Problem to solve: The task calls for an exact retyping of the lines from the one holding "Druhá dílčí část" through the end of the listing, with pictures omitted and nothing added.

*** Opening Data excerpt ***

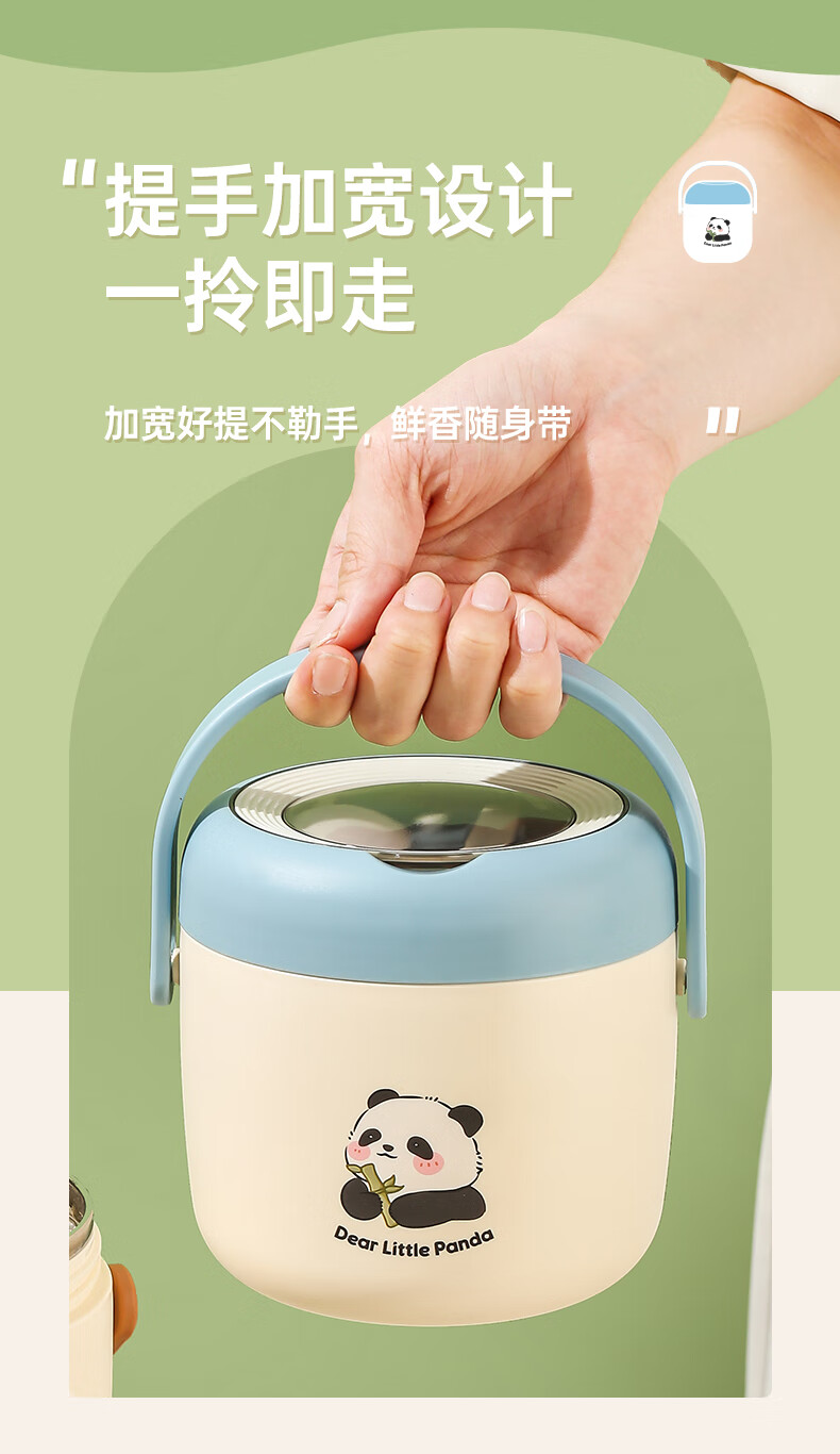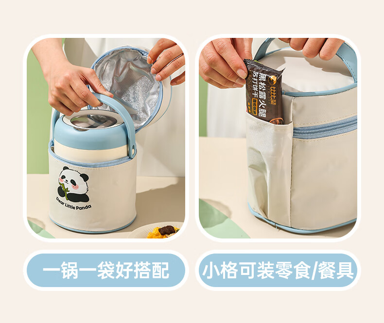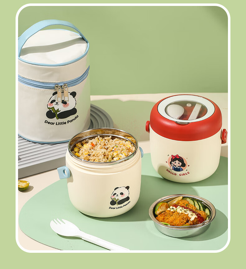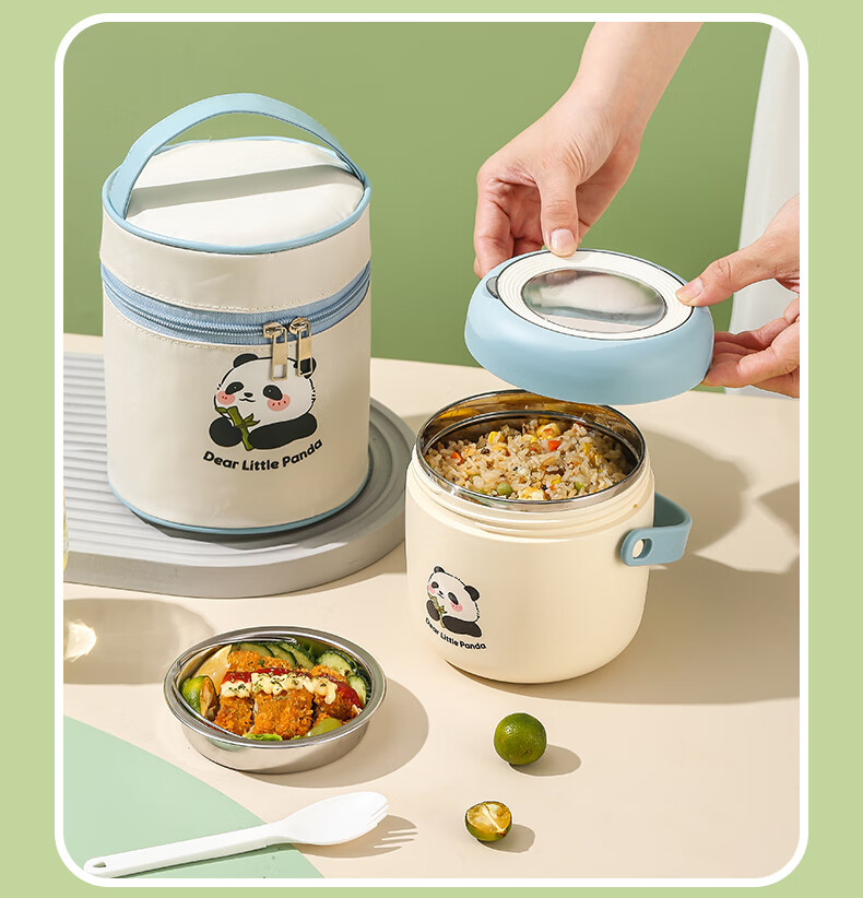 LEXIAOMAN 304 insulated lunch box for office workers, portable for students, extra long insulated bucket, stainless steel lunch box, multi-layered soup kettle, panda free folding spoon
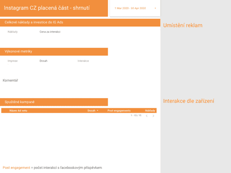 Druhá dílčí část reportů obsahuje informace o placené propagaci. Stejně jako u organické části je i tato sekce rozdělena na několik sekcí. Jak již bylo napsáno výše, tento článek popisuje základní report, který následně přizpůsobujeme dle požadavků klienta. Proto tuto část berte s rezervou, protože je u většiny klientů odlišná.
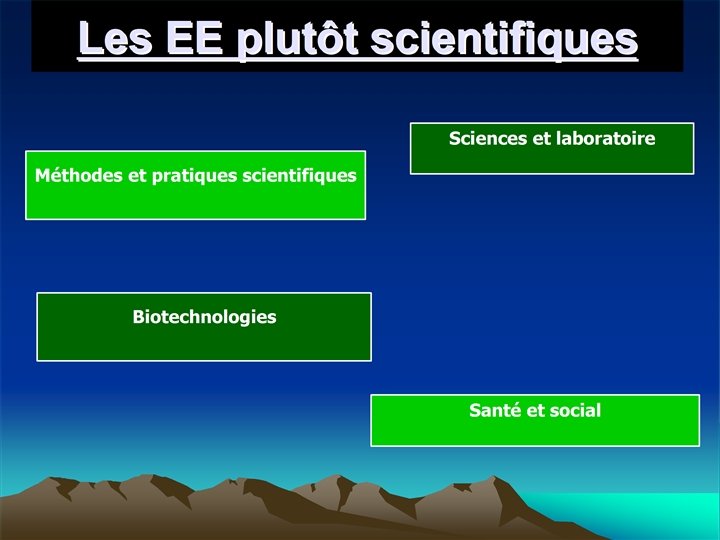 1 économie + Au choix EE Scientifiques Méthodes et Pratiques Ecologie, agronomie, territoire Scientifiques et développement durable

*** Closing Data excerpt ***

Written solution:
 Druhá dílčí část reportů obsahuje informace o placené propagaci. Stejně jako u organické části je i tato sekce rozdělena na několik sekcí. Jak již bylo napsáno výše, tento článek popisuje základní report, který následně přizpůsobujeme dle požadavků klienta. Proto tuto část berte s rezervou, protože je u většiny klientů odlišná.
 1 économie + Au choix EE Scientifiques Méthodes et Pratiques Ecologie, agronomie, territoire Scientifiques et développement durable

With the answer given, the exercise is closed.